[Start of section]
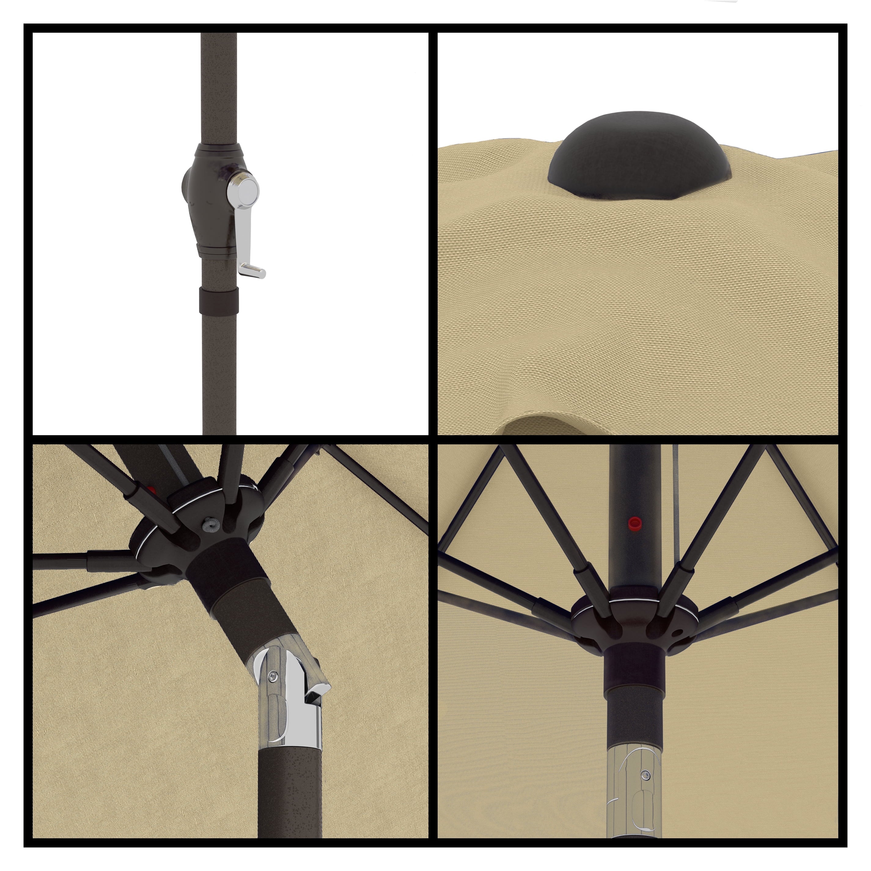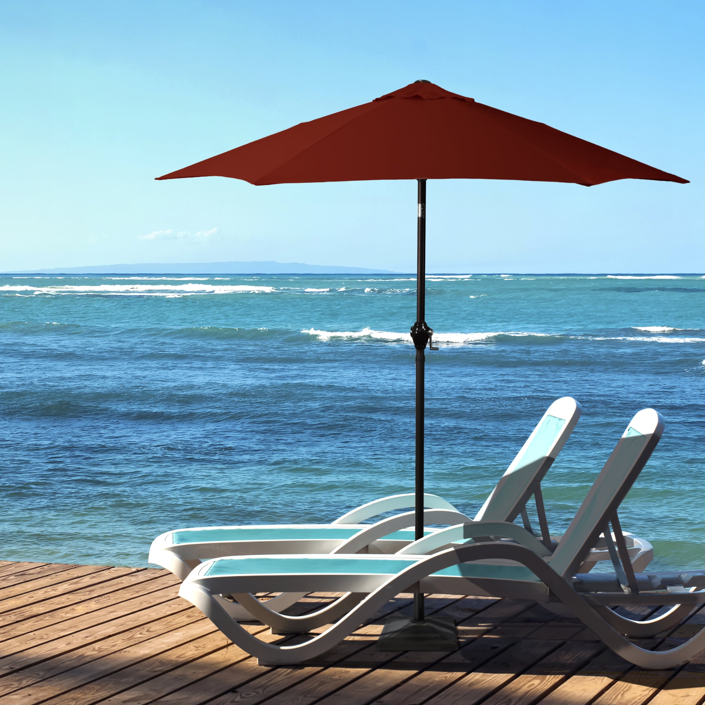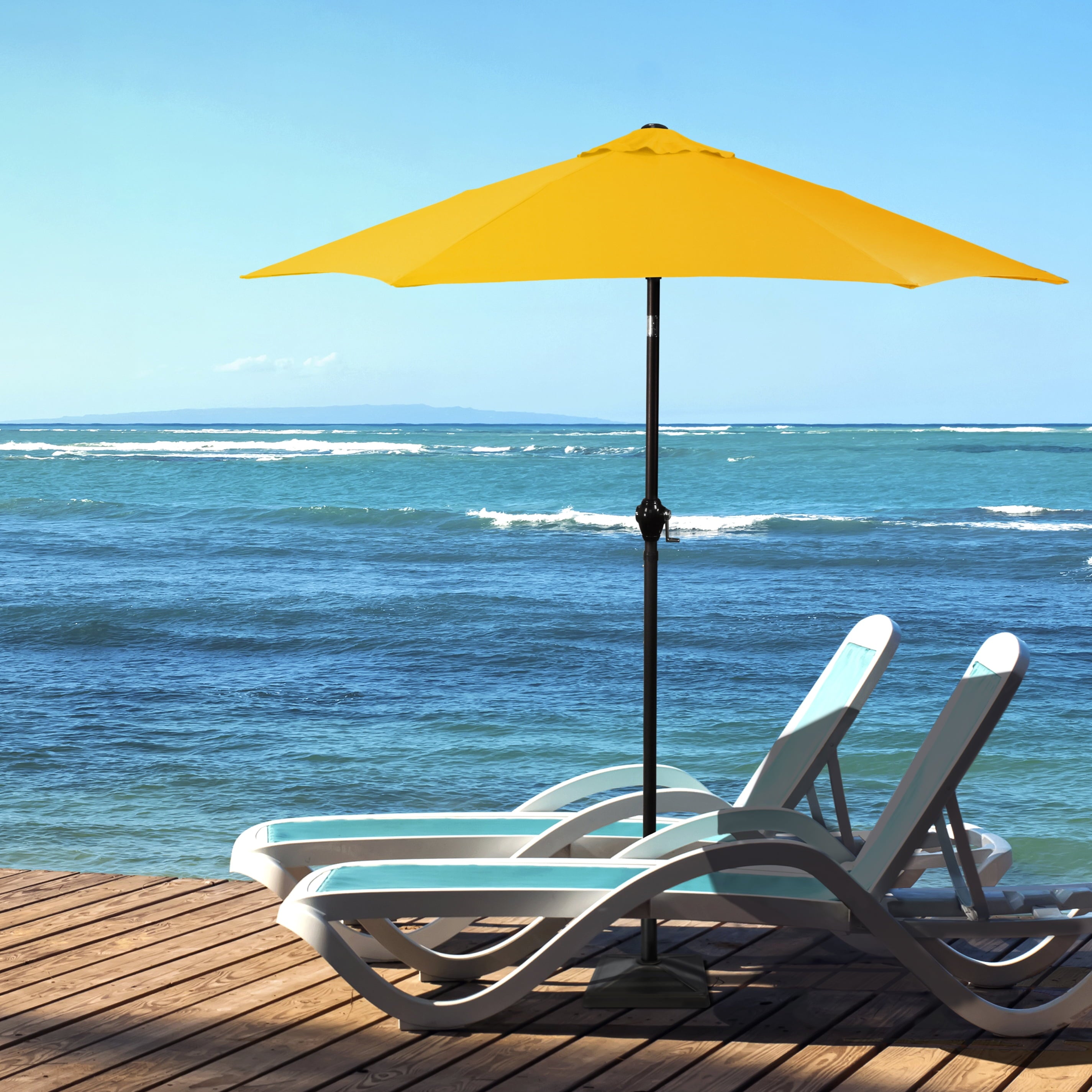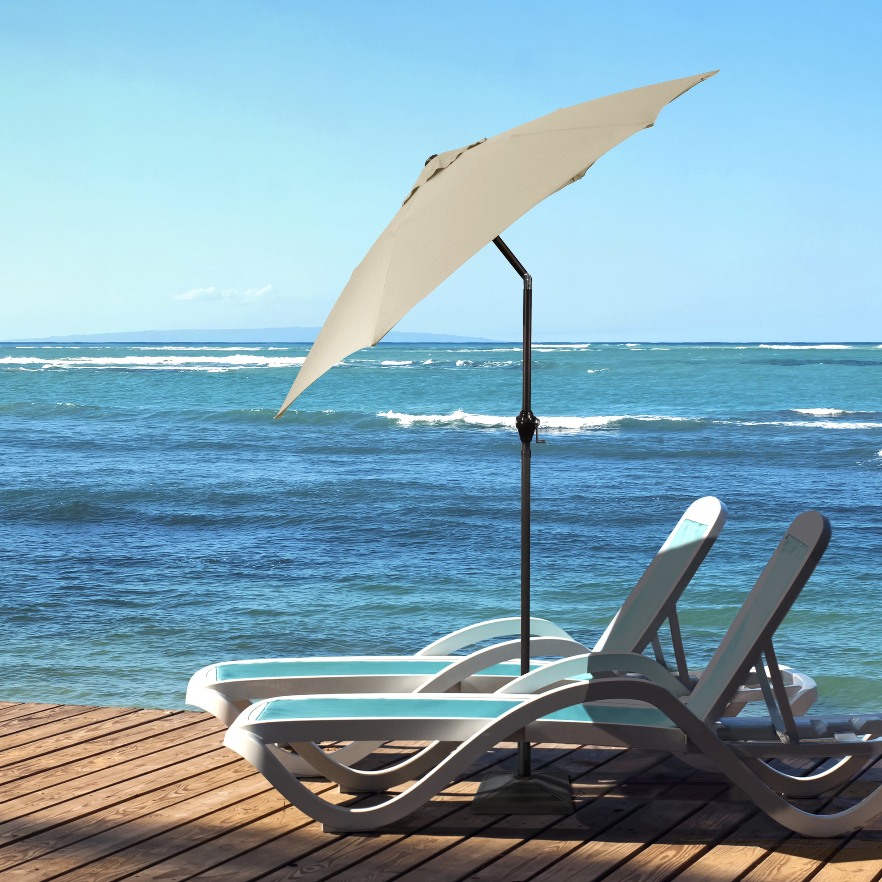 • Sleek 7.5-foot polyester canopy provides protection from UV rays, convenient crank allows for easy opening and closing of the umbrella.
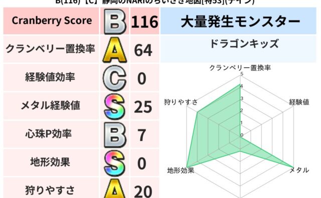 地図判定結果 B(116)【C】静岡のNARIのちいさき地図[特53](デイン) クランベリーボット判定結果の詳細クランベリースコア116クランベリー置換率64%大量発生モンスタードラゴンキッズ超耐性デイン(0%)こころ道 完全一致モンスターばくだん岩大神官(舞道Lv5)ストーンマンゴッドハンド(守護道Lv5)ドロルメイ... 2024/10/23 23:15 地図判定結果
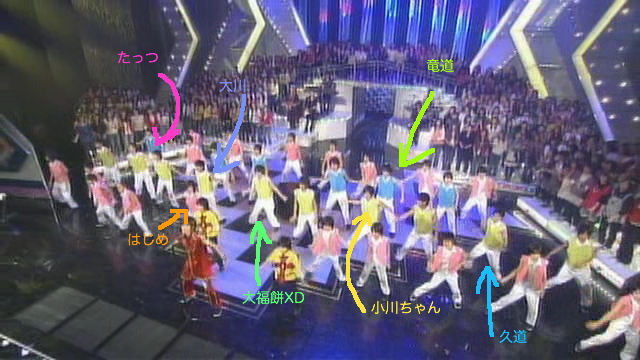 Kishi站在中間,位置真好。旁邊是竜道。要他跳這種舞有點好笑。
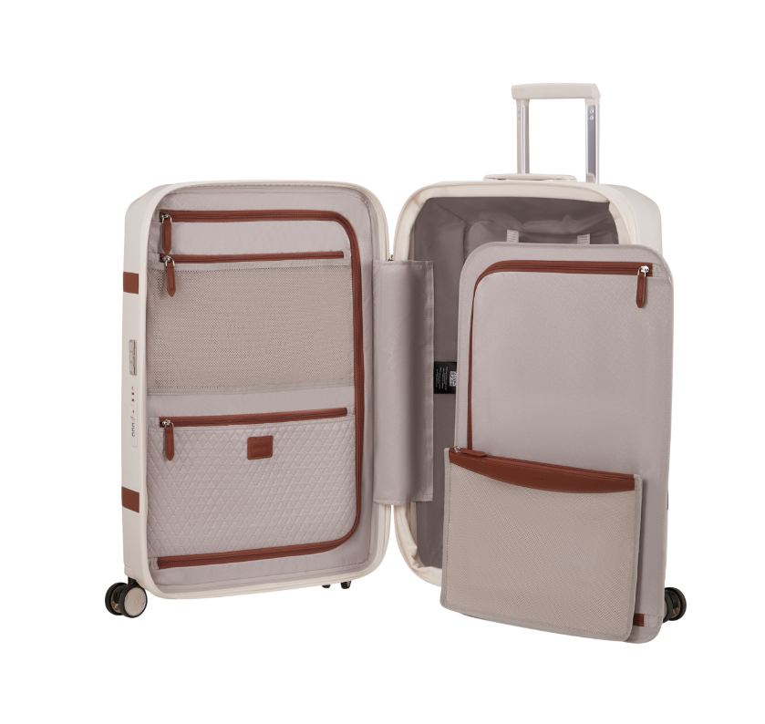 Trolley policarbonato chiuso da cerniere, taglia M 69/25 EXP. Internamente suddivisori staccabili. Traino in alluminio, doppie ruote con sistema 360°. Chiusura con combinazione TSA.
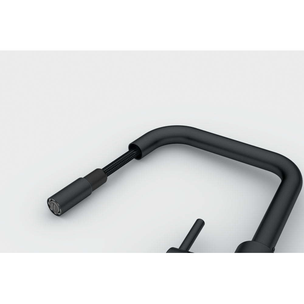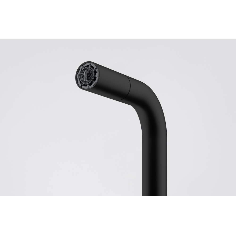 Otočná 360°. S vytahovací koncovkou osazenou perlátorem. Opletená sprchová hadice 150 cm. Připojení Hadičky 45 cm. Průtok vody 8,5 l/min. (3 bar).
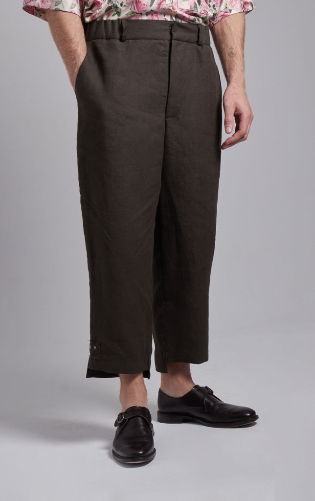 Oversized confortable linen trousers with asymmetrical details, in a dark linen
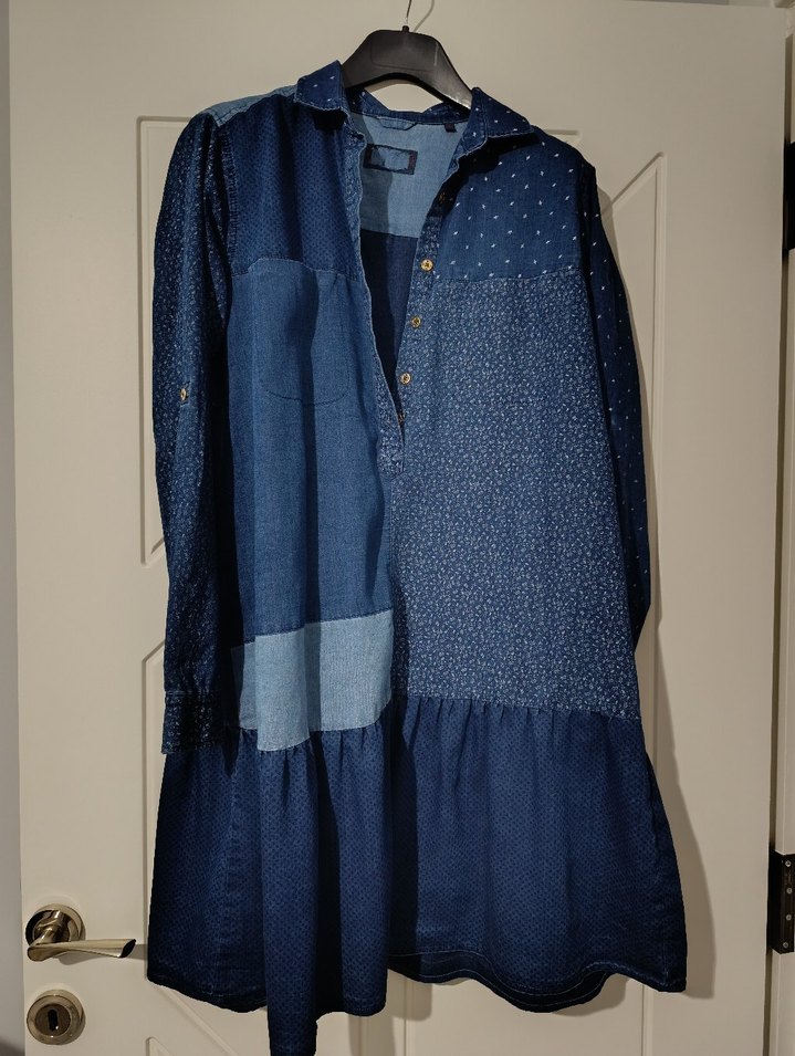 Lacivert renkte, düğmeli, uzun kollu, bol kesim tunik. Denim kumaştan, bohem tarzda, günlük rahat kullanım için uygundur.
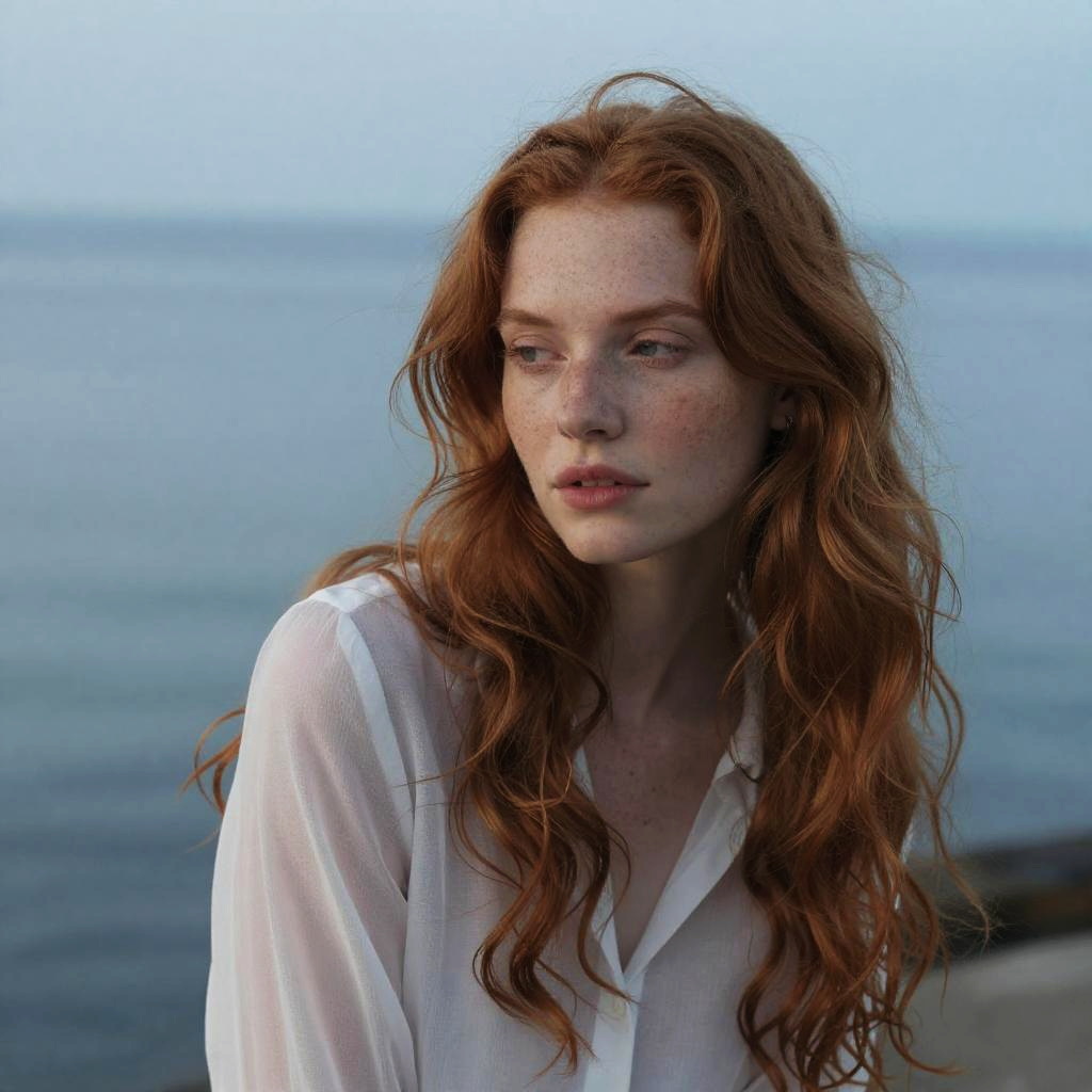 Photograph of a young, fair-skinned woman with long, wavy red hair, freckles across her face, and blue eyes. She is wearing a black top and has her right hand gently touching her hair. Her expression is neutral, with slightly parted lips. The background is a dark, textured stone wall with some sparse branches crossing the top. The image has a high-contrast, vivid color style, highlighting her red hair and freckles against the dark backdrop. The lighting is even, emphasizing her facial features.
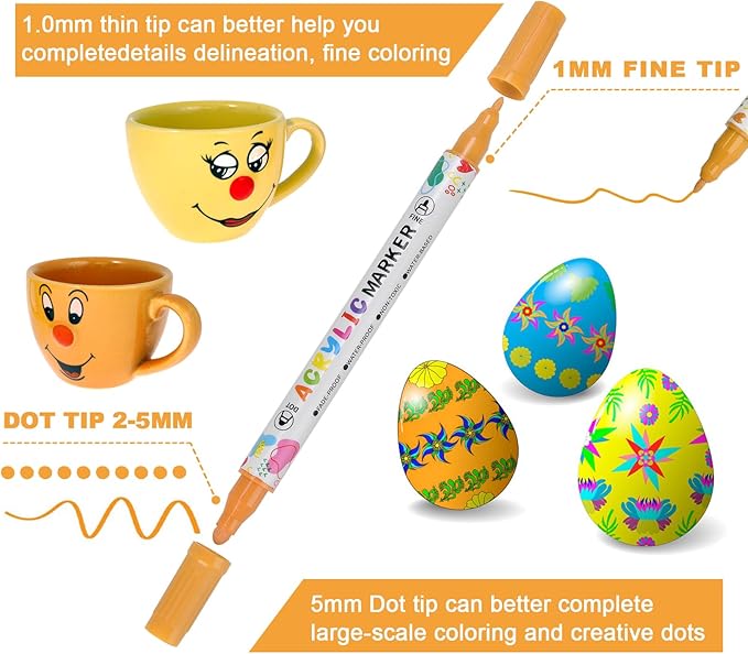 - Multi purpose Dual Tip Acrylic Paint Pens with Fine and Dot Tips ---- Each KEMYR pen is equipped with a 1-5 mm dot tip for filling large areas and bold points, and a 1 mm fine tip for lines and details work.
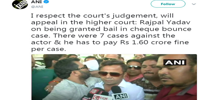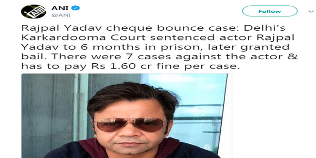 बता दें कि 20 अप्रैल, 2018 को कड़कड़डूमा कोर्ट ने राजपाल यादव व उनकी पत्नी राधा राजपाल यादव और उनकी कंपनी को चेक बाउंस के सात मामलों में दोषी करार दिया था।
[End of section]
TASK TO CARRY OUT: From the first line of the records through the line containing "Photograph of a", please output exactly those lines and nothing more, leaving out the pictures.

ANSWER SPACE:
 • Sleek 7.5-foot polyester canopy provides protection from UV rays, convenient crank allows for easy opening and closing of the umbrella.
 地図判定結果 B(116)【C】静岡のNARIのちいさき地図[特53](デイン) クランベリーボット判定結果の詳細クランベリースコア116クランベリー置換率64%大量発生モンスタードラゴンキッズ超耐性デイン(0%)こころ道 完全一致モンスターばくだん岩大神官(舞道Lv5)ストーンマンゴッドハンド(守護道Lv5)ドロルメイ... 2024/10/23 23:15 地図判定結果
 Kishi站在中間,位置真好。旁邊是竜道。要他跳這種舞有點好笑。
 Trolley policarbonato chiuso da cerniere, taglia M 69/25 EXP. Internamente suddivisori staccabili. Traino in alluminio, doppie ruote con sistema 360°. Chiusura con combinazione TSA.
 Otočná 360°. S vytahovací koncovkou osazenou perlátorem. Opletená sprchová hadice 150 cm. Připojení Hadičky 45 cm. Průtok vody 8,5 l/min. (3 bar).
 Oversized confortable linen trousers with asymmetrical details, in a dark linen
 Lacivert renkte, düğmeli, uzun kollu, bol kesim tunik. Denim kumaştan, bohem tarzda, günlük rahat kullanım için uygundur.
 Photograph of a young, fair-skinned woman with long, wavy red hair, freckles across her face, and blue eyes. She is wearing a black top and has her right hand gently touching her hair. Her expression is neutral, with slightly parted lips. The background is a dark, textured stone wall with some sparse branches crossing the top. The image has a high-contrast, vivid color style, highlighting her red hair and freckles against the dark backdrop. The lighting is even, emphasizing her facial features.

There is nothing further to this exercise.